| name | openai-latex-transcription-sync |
| description | Convert PDF textbook pages into LaTeX by rendering pages to single-page PNGs at 300 DPI and uploading one image per synchronous OpenAI Responses API request. Use when users ask for OCR/transcription of math-heavy pages, full prose-plus-math LaTeX extraction, or reliable one-page-at-a-time processing with ordered snippet assembly and pdflatex compilation. |
OpenAI LaTeX Transcription Sync
Use this skill to run a reliable LaTeX transcription workflow with scripts/transcribe_math_latex_sync.py.
Preconditions
- Ensure
OPENAI_API_KEY is available in environment variables or a local .env file.
- Ensure the repo has Python dependencies (
openai, python-dotenv) installed.
- Ensure system tools are available:
pdftoppm for rendering PDF pages to PNG
pdflatex for final compile
- Run transcription commands with
python -u for unbuffered request logs.
Core Workflow
- Render source PDF pages to PNG at 300 DPI:
mkdir -p /tmp/latex_ocr/pages /tmp/latex_ocr/logs /tmp/latex_ocr/snippets /tmp/latex_ocr/final
pdftoppm -r 300 -f <start_page> -l <end_page> -png input.pdf /tmp/latex_ocr/pages/page
- Use exactly one full rendered page per transcription image:
- Do not append multiple pages into one image.
- Do not split a page into sub-images, even when the page is dense.
- The runner rejects any single-page image above 50 MB before upload.
- Submit one image per OpenAI call using the skill-local script:
python -u .agents/skills/openai-latex-transcription-sync/scripts/transcribe_math_latex_sync.py /tmp/latex_ocr/pages/page-000006.png | tee /tmp/latex_ocr/logs/page-000006.log
python -u .agents/skills/openai-latex-transcription-sync/scripts/transcribe_math_latex_sync.py /tmp/latex_ocr/pages/page-000007.png | tee /tmp/latex_ocr/logs/page-000007.log
- Repeat once per page image.
- Keep each request single-image; do not batch multiple images in one request.
- The runner accepts exactly one positional
image_path.
- Read the per-page request log:
request_start
response_complete
output_text_missing if the API marks the response completed but returns no LaTeX body content.
- Treat exit code
0 with response_complete status completed as success.
- Extract transcribed LaTeX between delimiters:
===LATEX_BEGIN===
===LATEX_END===
- Successful runs emit both delimiters.
- If delimiters are absent or
output_text_missing appears, retry only that page.

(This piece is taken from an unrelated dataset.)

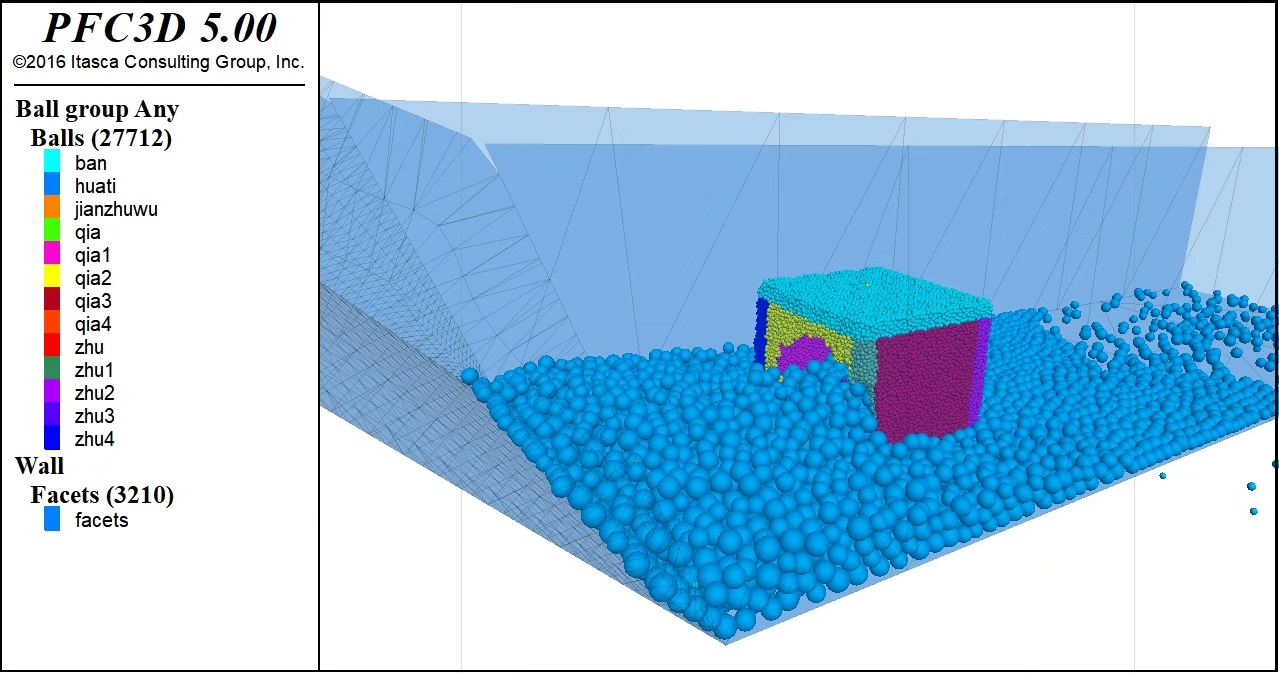 PFC3D5.0颗粒流『滑坡致灾』『建筑物易损性』完整代码(附相关参数定义及分析函数) 该代码包括: (1)完整代码及部分注释,可根据理解自行修改参数,点击运行即可得到结果,无需调试,可以直接使用,也可供参考学习; (2)滑坡建模,建筑物建模,滑坡冲击力监测,建筑物位移监测,建筑物损伤程度,科研常规分析信息俱全。 (3)犀牛软件已绘制可使用的三维网格图形。 代码部分详细信息: (1)滑坡尺寸100m×50m×100m,建筑物尺寸10*10*10m,可修改,提供; (2)平行粘结模型模拟建筑物强度,建筑物由支柱,楼板,墙体构成,可对每个部件继续详细分析; (3)检测滑坡位移,速度,建筑物偏移量,滑坡冲击力,建筑物损伤程度代码俱全,可直接使用 附图:模型侧视图,受灾后结果图,支柱破坏情况图,对比验证图,支柱所受冲击力分析图,建筑物破坏阶段分析图,建筑物易损性曲线图及对比。

- Assemble extracted snippets in document reading order and compile with
pdflatex.
API Pattern
Follow this request shape for each image:
uploaded = client.files.create(file=open(image_path, "rb"), purpose="vision")
response = client.responses.create(
model="gpt-5.4",
instructions=TRANSCRIPTION_INSTRUCTIONS,
reasoning={"effort": "xhigh"},
input=[
{
"role": "user",
"content": [
{"type": "input_text", "text": TRANSCRIPTION_PROMPT},
{"type": "input_image", "file_id": uploaded.id, "detail": "high"},
],
}
],
)
Execution Rules
- Use the Responses API (
responses.create), not Chat Completions.
- Put durable conversion policy in
instructions=...; keep the user input_text short and task-specific.
- Upload and transcribe exactly one PNG per request.
- Render PDF pages at 300 DPI when this skill owns the PDF-to-image step.
- Use exactly one full page image per request; do not append pages and do not split pages.
- The runner rejects any single-page image above 50 MB before upload.
- Keep the
content array to one input_text item plus one input_image item; do not send multiple images in a single prompt.
- Preserve visible headers and footers as document content, but omit page numbers.
- Preserve page ordering when assembling final
.tex.
- Keep logs for traceability and delimiter-based extraction.
- Treat
completed responses with no emitted LaTeX as failures; the runner logs output_text_missing and exits non-zero.
- On non-zero exit or missing delimiters, retry only affected pages.
Repo-Specific Notes
- Use
.agents/skills/openai-latex-transcription-sync/scripts/transcribe_math_latex_sync.py as the canonical transcription runner.
- Use
references/workflow-template.md as the canonical sequence and reusable command template.